4.7 Sistem Pengelolaan Aset dan Keuangan


Pengelolaan aset adalah cara-cara mengatur, merencanakan, dan memonitor aset,
yang dimaksudkan untuk menghasilkan keputusan mengenai tindakan akuisisi,
pemeliharaan, penggantian, dan pembuangan semua jenis prasarana, dengan tujuan
untuk mengoptimalkan pelayanan aset yang bersangkutan dengan tetap berpegang
pada asas kelangsungan fungsi layanan, dan efisiensi dalam penggunaan dana
pengelolaan prasarana dan kelestarian ekosistem SDA.
Rencana pengelolaan aset, sekurang-kurangnya harus dapat menjawab tiga
pertanyaan sebagai berikut:
(i) apakah aset masih layak untuk dirawat/dipelihara,
(ii) mengapa suatu aset harus di-akuisisi, diganti baru/direstorasi, atau
dibuang/dihapus, dan
(iii) berapa nilai kinerja yang akan dapat dicapai jika dilakukan tindakan.

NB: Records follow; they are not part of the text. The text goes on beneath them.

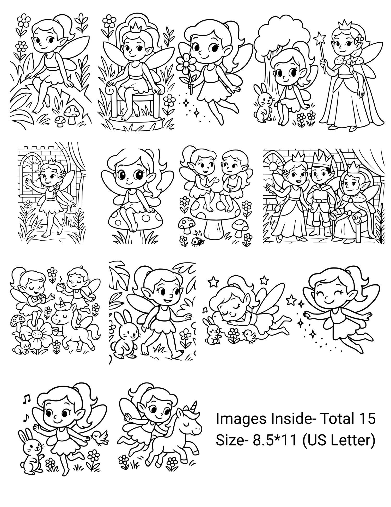 - 15 unique fairy coloring pages (no repeats)
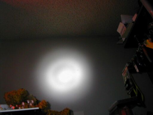 The Epieon bulb uses a HD (High Dome) or Lambertian Luxeon Star LED, so it can effectively use the reflector of whatever flashlight you use it in. The flashlight I'm testing the 2-cell model in is of unknown age or pedigree. It has a partially faceted reflector (the upper portion is faceted), and I get a pretty OK beam out of it. The beam could be better, but it could be a whole lot worse too. The beam you get will depend mainly on what flashlight you put it in.
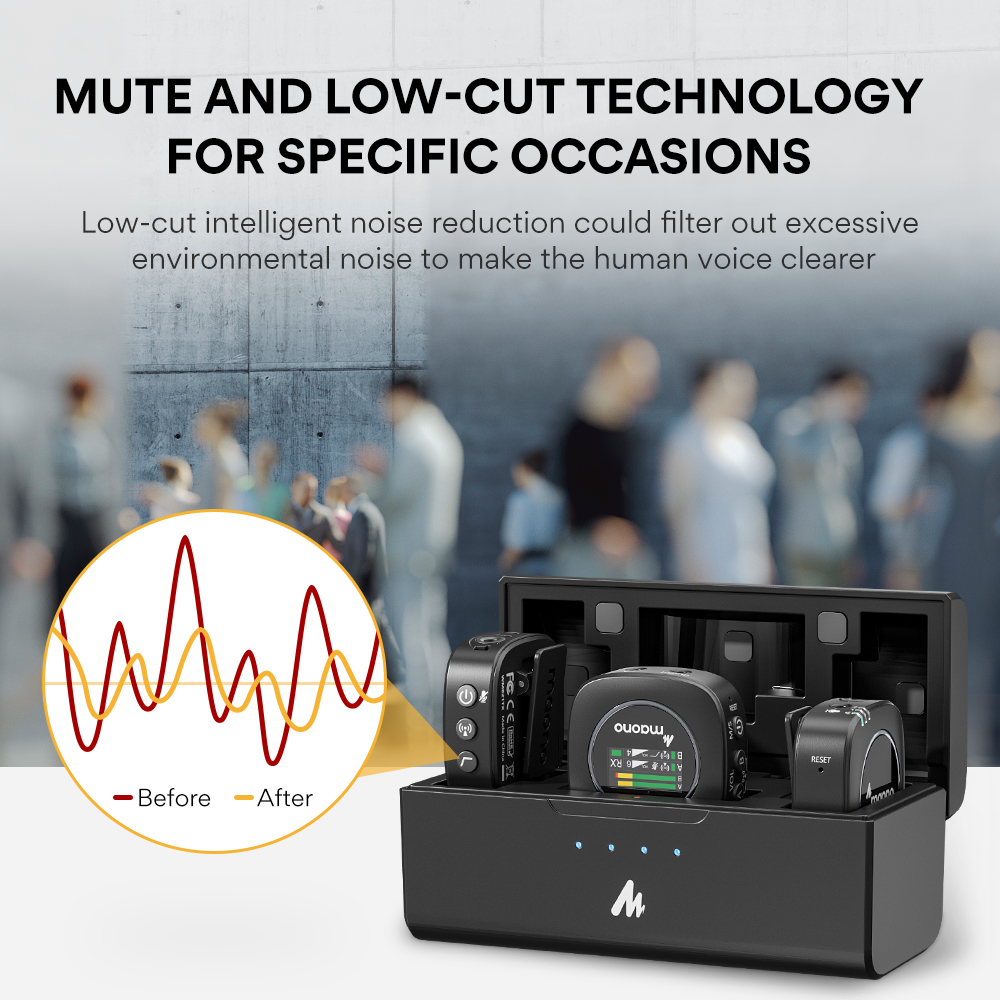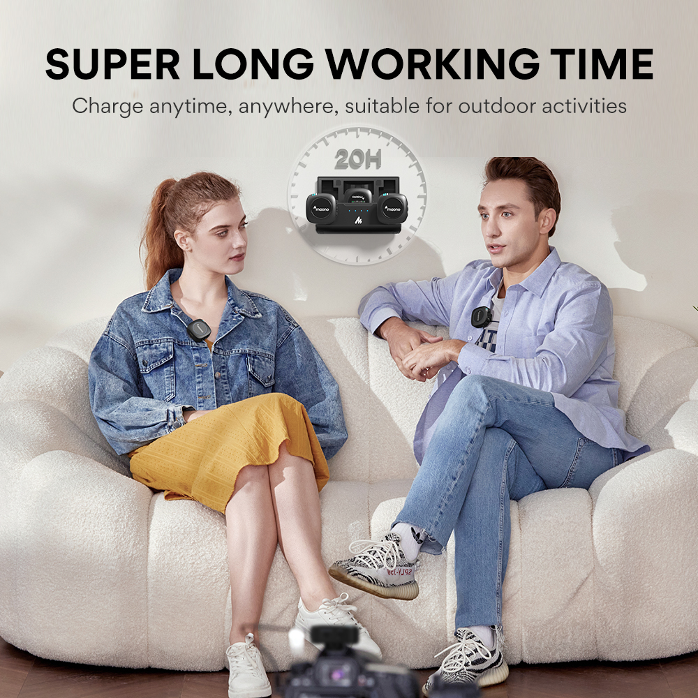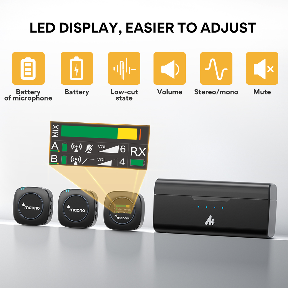 Delivers Clear and Natural Sound: Maono WM821 wireless mics use a high-class professional audio chip providing intelligent noise reduction, feature an in-built omnidirectional condenser capsule, and can be used as a clip-on mic or with Maono lavalier included, sending crystal-clear, broadcast-grade audio via 2.4GHz digital transmission to the receiver. The S/N(SIGNAL-NOISE RATIO) is 82dB(82db S/N Ratio). which is suitable for capturing every audio detail. When you start editing, it will be easier to filter out any hiss and other ambient noise

Pada dasarnya suatu aset adalah merupakan barang milik negara/daerah yang
digunakan untuk penyelenggaraan tugas pokok dan fungsi
kementerian/lembaga/satuan kerja perangkat daerah (SKPD). Undang-Undang No.1
Tahun 2004 Tentang Perbendaharaan Negara menetapkan bahwa menteri/pimpinan
lembaga/kepala SKPD adalah pengguna barang bagi kementerian
negara/lembaga/SKPD yang dipimpinnya. Sebagai konsekuensi dari prinsip tersebut
di atas, maka tanah dan/atau bangunan milik negara/daerah yang tidak dimanfaatkan
untuk kepentingan penyelenggaraan tugas pokok dan fungsi instansi yang
bersangkutan wajib diserahkan pemanfaatannya kepada Menteri
Keuangan/gubernur/bupati/walikota untuk kepentingan penyelenggaraan tugas
pemerintahan negara/daerah.
Sekalipun sudah ada pedoman tatalaksana pengelolaan aset, tetapi perencanaan suatu
tindakan terhadap aset SDA hendaknya dilakukan dengan penuh kehati-hatian dan
melibatkan seorang ahli di bidang pengelolaan SDA. Tindakan akuisisi terhadap
suatu aset SDA dapat berdampak terhadap aset SDA yang lain, bahkan dapat pula
berpotensi menimbulkan gangguan terhadap kinerja pelayanan pengelolaan air di

24
luar tempat aset yang akan diakuisisi. Oleh karena itu, rencana tindakan akuisisi
terhadap suatu aset SDA harus dikaji terlebih dahulu dampaknya secara
komprehensif terhadap lingkungan yang lain sebelum tindakan akuisisi tersebut
diputuskan. Aset yang dapat dipertimbangkan untuk dilakukan akuisisi misalnya
alur sungai lama akibat pembangunan sudetan atau shortcut, waduk atau situ yang
sudah melampaui umur efektifnya dan telah terisi penuh sedimen.